Другие лодки пытались поспевать за нами, но безнадежно отстали. Все шло к тому, что мы с дьявольской скоростью подлетим прямо к Митаве, где сидит ждущий от нас всяких пакостей неприятель. А тут у нас две возможности, одна другой краше.

Или черт понесет нас прямиком — тогда, миновав заливные луга Замкового острова, первое, что мы увидим по правую руку, будет дворец, который исправно охраняется, в том числе и артиллерией. Все ж таки считается, что это главная квартира маршала Макдональда. Как только мы увидим тот дворец, караульные увидят нас — и лишь плывущие по воде щепки обозначат место, где только что было «Бешеное корыто».

Или же черт, зная тамошнюю местность, затащит нас в протоку между Замковым островом и собственно Митавой, что ненамного лучше — протока узка, нас исправно обстреляют из ружей и с острова, и из города…

А тут еще Калинин, поняв, что нам грозит, ударился в панику и попытался выброситься в воду, чтобы добраться до берега вплавь. Его схватили, но он так разумно объяснил свое намерение, что в лодке воцарилось молчание. Казалось, всем в голову пришла одна и та же мысль: а ведь это единственная возможность уцелеть…

— Не сметь! — приказал Бахтин, эту мысль угадав. И добавил потише: — Он недолго продержится на четырнадцати узлах, утомится и бросит свою дурацкую затею…

— Да вот ведь уже Кальнцем! — объявил в отчаянии Калинин. — До Митавы рукой подать!

Я эти места знал. От Кальнцема до Митавы было около трех часов рысью. Хороша же у купчины рука…

Честно признаюсь, и мне захотелось, кинувшись в волны, выплыть к пустынному берегу. Пока сабля моя при мне, бояться нечего. Это вам не бахтинский кортик длиною не более девяти вершков вместе с рукоятью слоновой кости.

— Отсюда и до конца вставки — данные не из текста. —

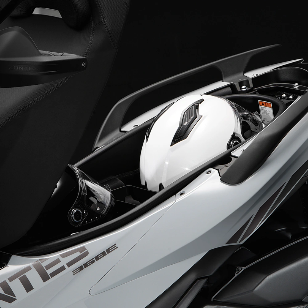 368 E ima velik prostor pod sedežem, v katerega se prilegata dve veliki čeladi, ter dva predala pred voznikom, kamor lahko odložite različne stvari.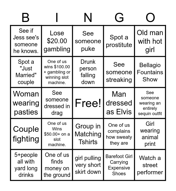 This bingo card has a free space and 24 words: One of us Wins $50.00+ on a slot machine., One of us finds money on the ground, Drunk person falling down, 5+people all with yard long drinks, Old man with hot girl, See if Jess see's someone he knows., Spot a "Just Married" couple, Lose $20.00 gambling, Man dressed as Elvis, Group in Matching Tshirts, See someone streaking, Woman wearing pasties, One of us complains how sweaty they are, Girl wearing animal print, One of us wins $100.00 + gambling or winning slot machine., Barefoot Girl Carrying Expensive Shoes, See someone wearing an entirely sequin outfit, See someone puke, Bellagio Fountains Show, See someone dressed in drag, Watch a street performer, Couple fighting, Spot a prostitute and girl pulling very short skirt down.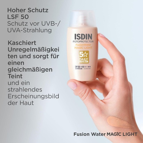 کرم ضد آفتاب فیوژن واتر رنگی دارای SPF50 ایزدین، از پوست در برابر اشعه UV آفتاب محافظت می‌کند، همچنین کلاژن موجود در این محصول سبب کاهش چین و چروک می‌شود.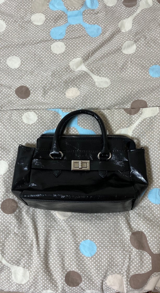 Siyah deri kadın çanta, kilitli tokasıyla sade ve desensiz tasarıma sahip. Günlük kullanım için uygun, gotik ve Parisli tarzına hitap eder.
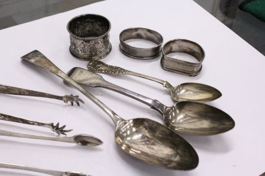 Silver ware, to include spoons, sugar tongs, napkin rings.

Итак, «Бешеное корыто» неслось навстречу погибели своей, Бахтин с Ивановым и Никольским отчаянно совещались.

— Нужно поворачивать и таким образом гасить скорость! — требовал Бахтин.

— На четырнадцати узлах, коли не более? Да мы все из лодки вылетим к чертовой бабушке! — возражал Никольский.

— Лучше выбросить пару ведер! — подсказал благоразумный Иванов. И точно — матросы, найдя ведра, стали привязывать к ним шкертики.

Вдруг мы услышали дикие звуки. Казалось, взревел раненый лев, или слон, или иная крупная и злобная скотина. И лодка наша, в течение нескольких секунд замедлив ход, остановилась.

Под водой творилось нечто непонятное — справа по борту она колыхалась и пузырилась.

— Уж не сцепился ли наш бурлак с соседом? — предположил я. — Не удивлюсь, коли подводные угодья поделены между нечистой силой, как пахотные земли между крестьянами. То-то он смущался, узнав, что кусок Курляндской Аи проиграл!

— Лево на борт! — приказал Бахтин, желая развернуть «Бешеное корыто» и во весь весельный мах погнать его прочь от нечистой силы.

Я перебрался на корму. Очень хотелось понять, в какую передрягу вляпался мой чешуйчатый приятель. Хотя он и перепугал нас всех до полусмерти, зла к нему я не испытывал. В конце концов, он считал старицу своим владением и охранял ее, как умел.

Возня под водой продолжалась. Вдруг оттуда вылетел запущенный мощной лапой предмет и шлепнулся аршинах в полутора от берега, так что длинный край его лег на мелководье. Я не понял, что это такое, зато понял Никольский.